For a SET to work in a transaction a given merchant is issued with a digital certificate from a given bank. A customer will also be issued with a digital certificate that has a public key from the same bank.
When a user makes a transaction from a given web page, the browser compares the two certificates to ensure they are the same. The merchant will then verify the customer by checking the digital signature on the certificate.
This can be achieved by referring the certificate to a third-party verifier or a bank. In the next step, the merchant sends the order info along with the public key to the bank. The bank will then have to verify the merchant and the message then digitally sign and authorize the merchant to fill in the order.
Best practices to fraud proof electronic payments
Let us now turn our attention to the methods that can be used for fraud-proof electronic payments. There is a number of things that can be done by companies to achieve this:
One of the best practices is vendor onboarding. This is particularly important when establishing a relationship with a new vendor.
It involves things like getting rid of duplicate vendor master entries, limiting the ability to edit the entries among others. Vendors’ identities should be checked with required compliance and laws like Anti-terrorism, money laundering, narcotics trafficking.
Shared Device Reputation:
This involves sharing relevant information pertaining to fraudsters within a given industry. This will reduce the chances of first-time attacks as well as boost the Return of Investment (ROI).
Malicious persons to execute attacks normally use proxies, thus, it is important to keep an eye on them. A database of proxies that users use to hide IP is always encouraged in the case of merchants.
Geo-location is particularly a good way to determine a global location of a user. By using such tools, a merchant can be able to compare the IP address of the user.
Encryption is the main practice for e-payments as it is wise to check whether the e-payment information is safe from hackers. The information of e-payment should be encrypted so others would not read it.
Encryption helps to secure any traveling vendor information or other sensitive information.

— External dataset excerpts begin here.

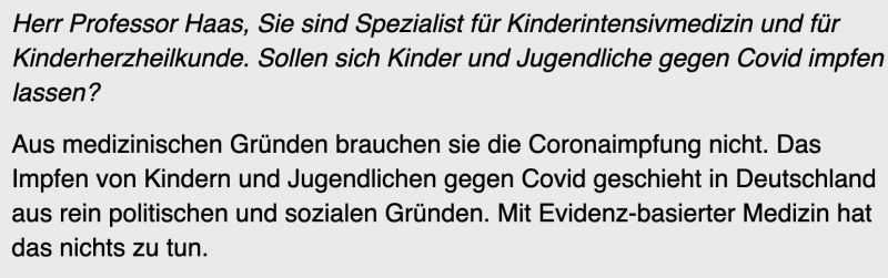 Direktor einer Münchner Uni-Kinderklinik: "Impfen von Kindern [gegen COVID] ist medizinisch nicht zu rechtfertigen"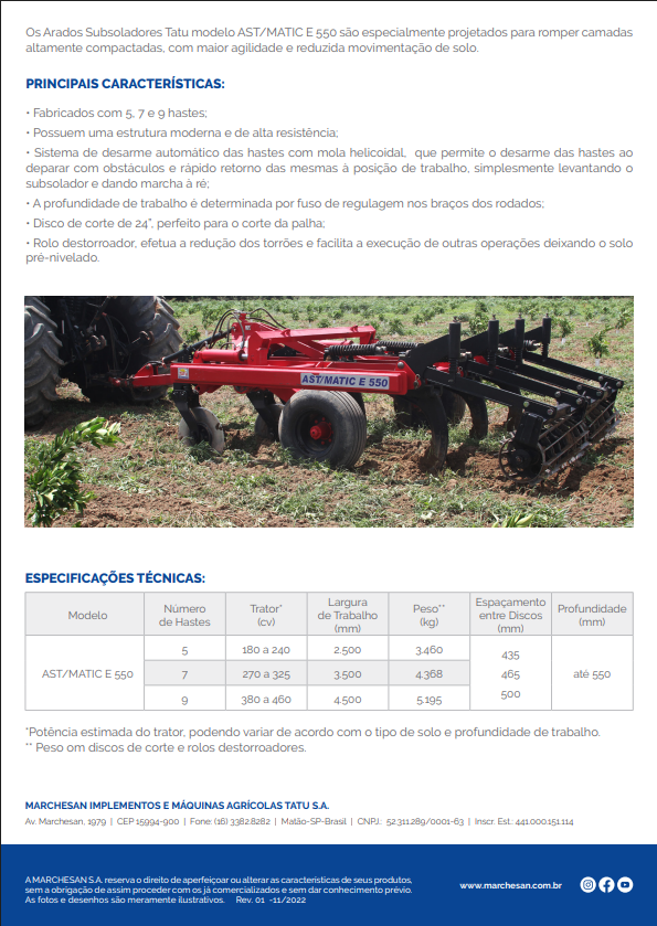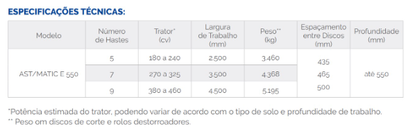 O AST/MATIC E 550 devolve as condições ideais de aeração do solo, especialmente no manejo com palha na superfície. Estrutura moderna e de alta resistência, com fácil ajuste do espaçamento entre hastes. O desenho das hastes permite aliar alta resistência e menor esforço de tração.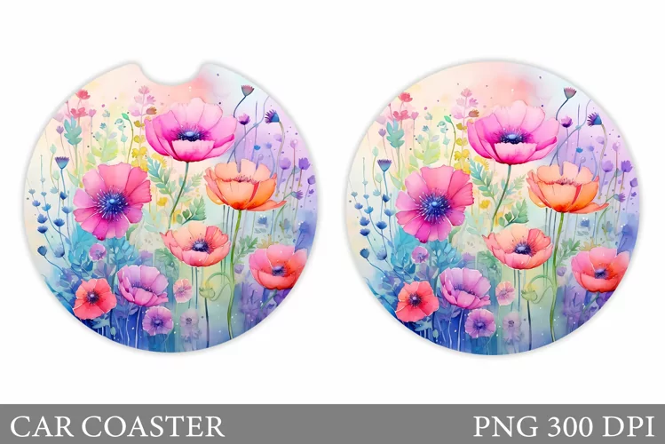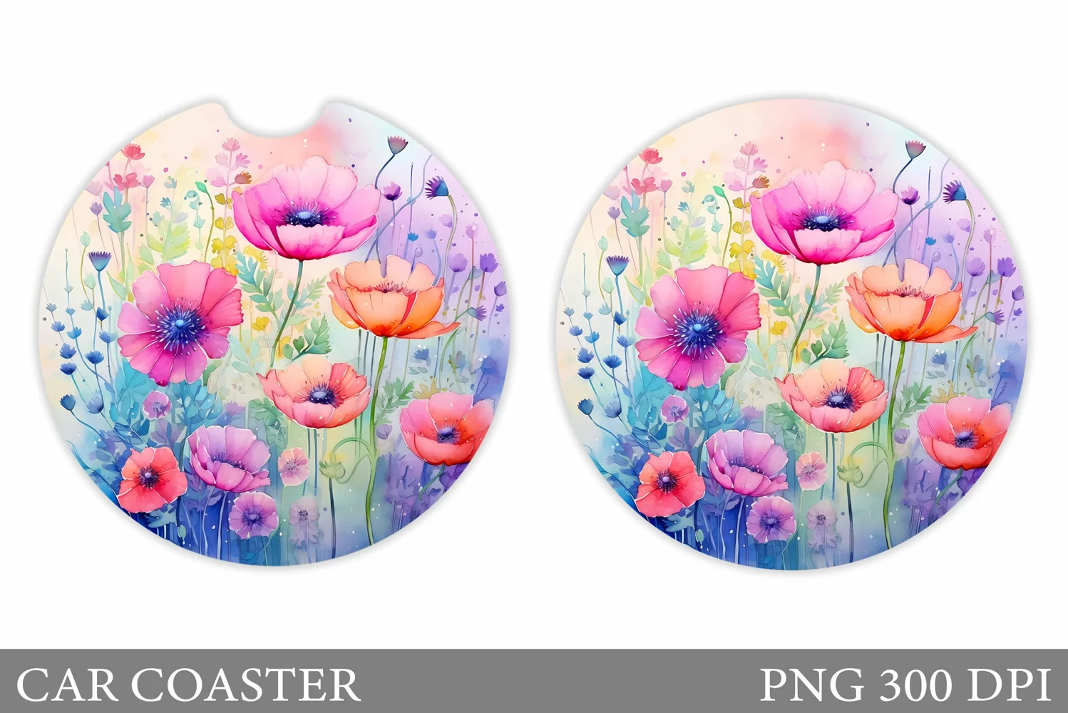 Wildflowers Car Coaster Sublimation. Flowers Car Coaster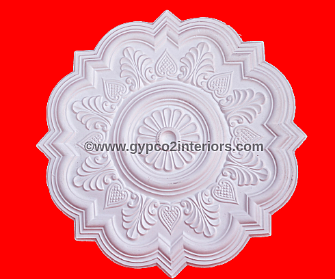Gypsum medallions are valued for their durability, lightweight nature, and ability to add a touch of elegance and sophistication to any interior space. They can be painted or left in their natural white finish, depending on the desired look. Easy to install, these medallions are a popular choice in both residential and commercial settings, providing a timeless decorative element that enhances the overall ambiance of a room.

It is also recommended that there is an additional security layer on top of the traditional user-login layer.
This can be done using Multi-Factor Authentication (MFA). The goal of MFA is to make a coated defense and makes it difficult for an unlawful individual to get significant data or make payments.
This entails using public and private sources to validate customer information. A merchant can check on billing addresses as per a third-party issuer to validate a customer.
Customer validation can also be established through identity validation-validating the user based on the information they provided. In high-risk CNP transactions, knowledge-based authentication is recommended.
Other very fraud-proof practices include biometric identification, 3D secure, Mobile Secure location verification, Email Verification, Social Media Validation.
There are many other practices, but the basis of all these is to facilitate safe transactions in eCommerce and other electronic payment terminals. The finest practices defined in this article will facilitate you to choose a secure resolution and set up risk-lessening procedures.
It is expected that attacks will change in the future, but for now, implementing SET and fraud-proof practices is the safest route for businesses.